[Opening Material for this exercise section]

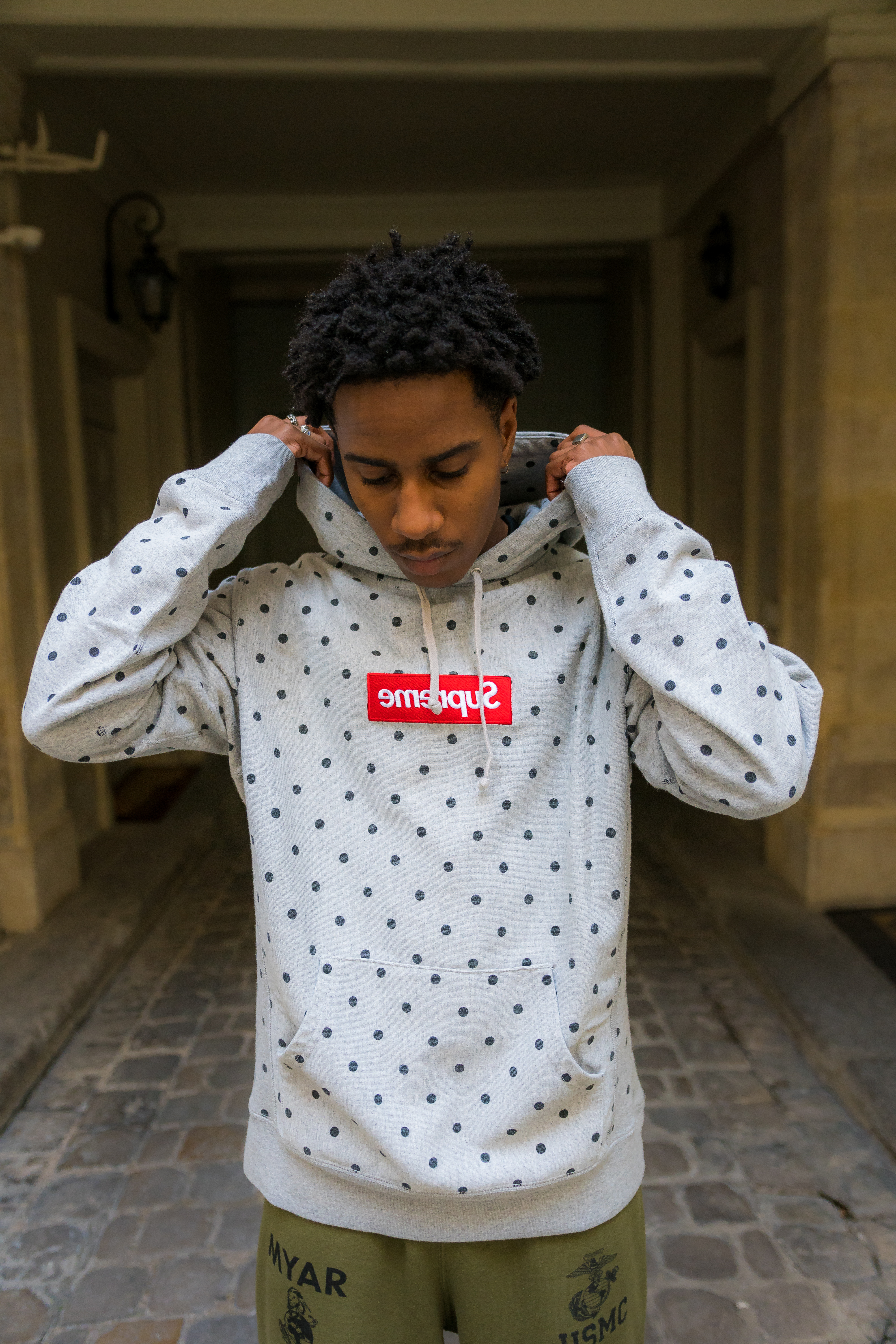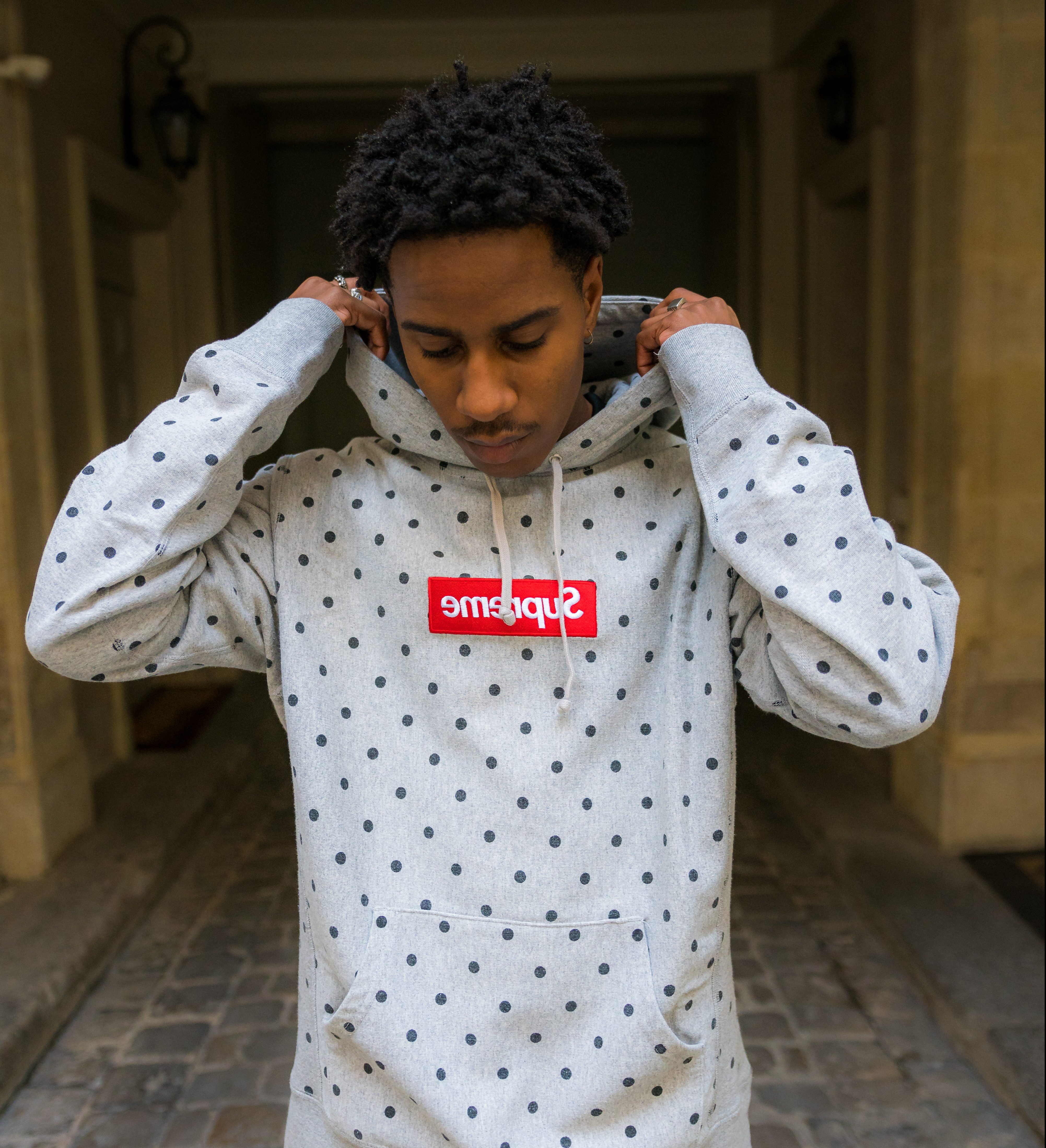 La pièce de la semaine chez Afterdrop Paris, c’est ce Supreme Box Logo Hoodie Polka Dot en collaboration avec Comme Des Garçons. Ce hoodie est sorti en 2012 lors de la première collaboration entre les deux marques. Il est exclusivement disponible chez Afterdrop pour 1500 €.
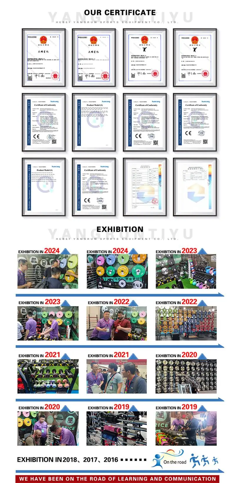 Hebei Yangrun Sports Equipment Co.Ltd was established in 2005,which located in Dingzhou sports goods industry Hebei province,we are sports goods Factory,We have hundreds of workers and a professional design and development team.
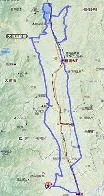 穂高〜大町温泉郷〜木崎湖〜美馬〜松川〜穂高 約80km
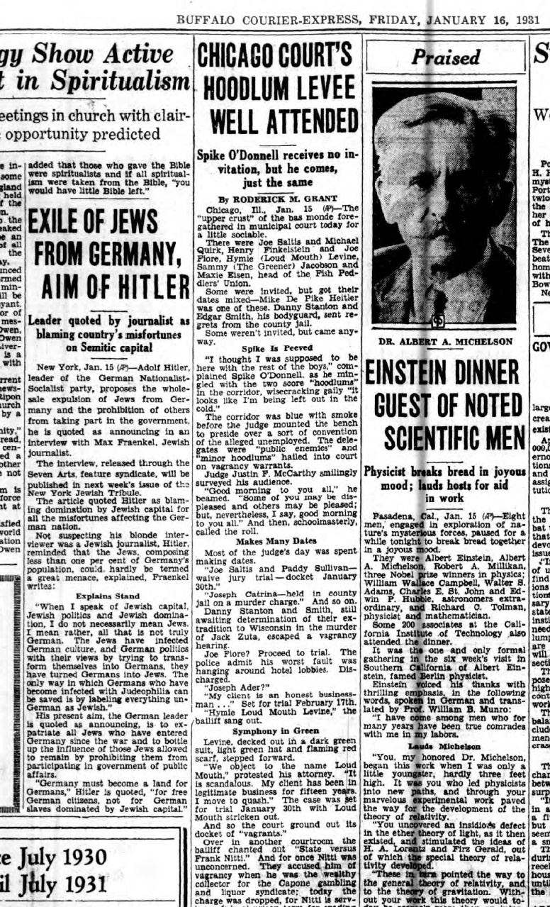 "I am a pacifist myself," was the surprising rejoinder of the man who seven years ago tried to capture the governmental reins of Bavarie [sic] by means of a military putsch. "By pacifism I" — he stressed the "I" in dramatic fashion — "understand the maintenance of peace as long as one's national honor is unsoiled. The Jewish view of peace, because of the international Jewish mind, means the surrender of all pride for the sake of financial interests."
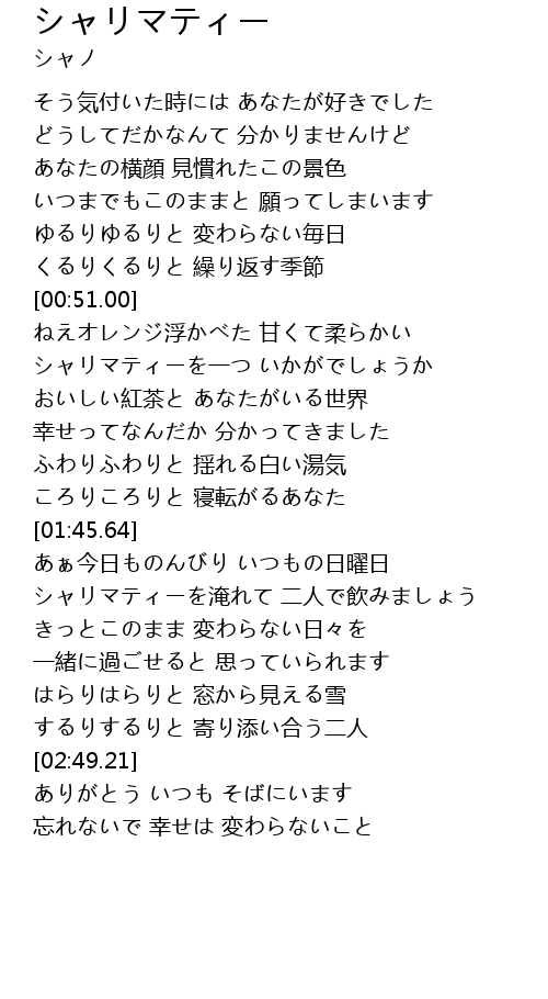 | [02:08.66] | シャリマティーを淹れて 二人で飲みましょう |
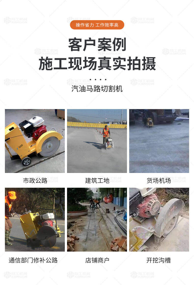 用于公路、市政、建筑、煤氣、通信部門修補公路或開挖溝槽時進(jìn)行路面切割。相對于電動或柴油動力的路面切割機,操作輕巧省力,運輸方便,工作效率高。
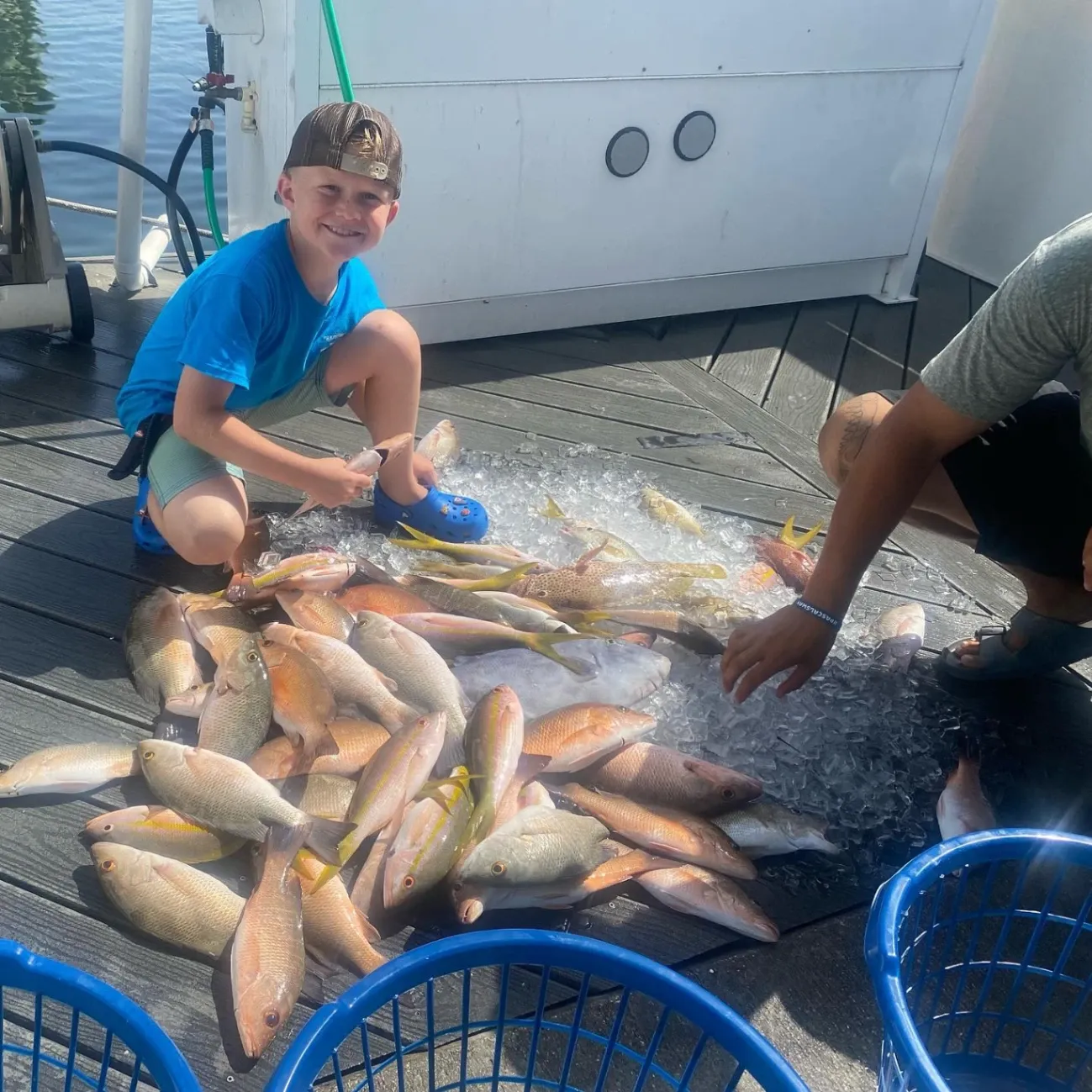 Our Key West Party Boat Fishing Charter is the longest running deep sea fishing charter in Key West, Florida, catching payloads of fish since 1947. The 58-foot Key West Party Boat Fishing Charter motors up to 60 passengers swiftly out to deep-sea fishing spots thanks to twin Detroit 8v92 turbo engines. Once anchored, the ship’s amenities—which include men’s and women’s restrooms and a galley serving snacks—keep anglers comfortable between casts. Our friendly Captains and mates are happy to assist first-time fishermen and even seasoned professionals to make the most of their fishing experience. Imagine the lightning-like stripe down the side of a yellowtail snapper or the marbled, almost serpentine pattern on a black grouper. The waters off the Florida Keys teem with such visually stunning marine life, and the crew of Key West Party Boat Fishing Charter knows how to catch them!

[Closing Material for this exercise section]

The task: Find the line with "am a pacifist" and the line with "用于公路、市政、建筑、煤氣、" in the records above. Copy both and all lines between them exactly, without pictures.

Your solution:
 "I am a pacifist myself," was the surprising rejoinder of the man who seven years ago tried to capture the governmental reins of Bavarie [sic] by means of a military putsch. "By pacifism I" — he stressed the "I" in dramatic fashion — "understand the maintenance of peace as long as one's national honor is unsoiled. The Jewish view of peace, because of the international Jewish mind, means the surrender of all pride for the sake of financial interests."
 | [02:08.66] | シャリマティーを淹れて 二人で飲みましょう |
 用于公路、市政、建筑、煤氣、通信部門修補公路或開挖溝槽時進(jìn)行路面切割。相對于電動或柴油動力的路面切割機,操作輕巧省力,運輸方便,工作效率高。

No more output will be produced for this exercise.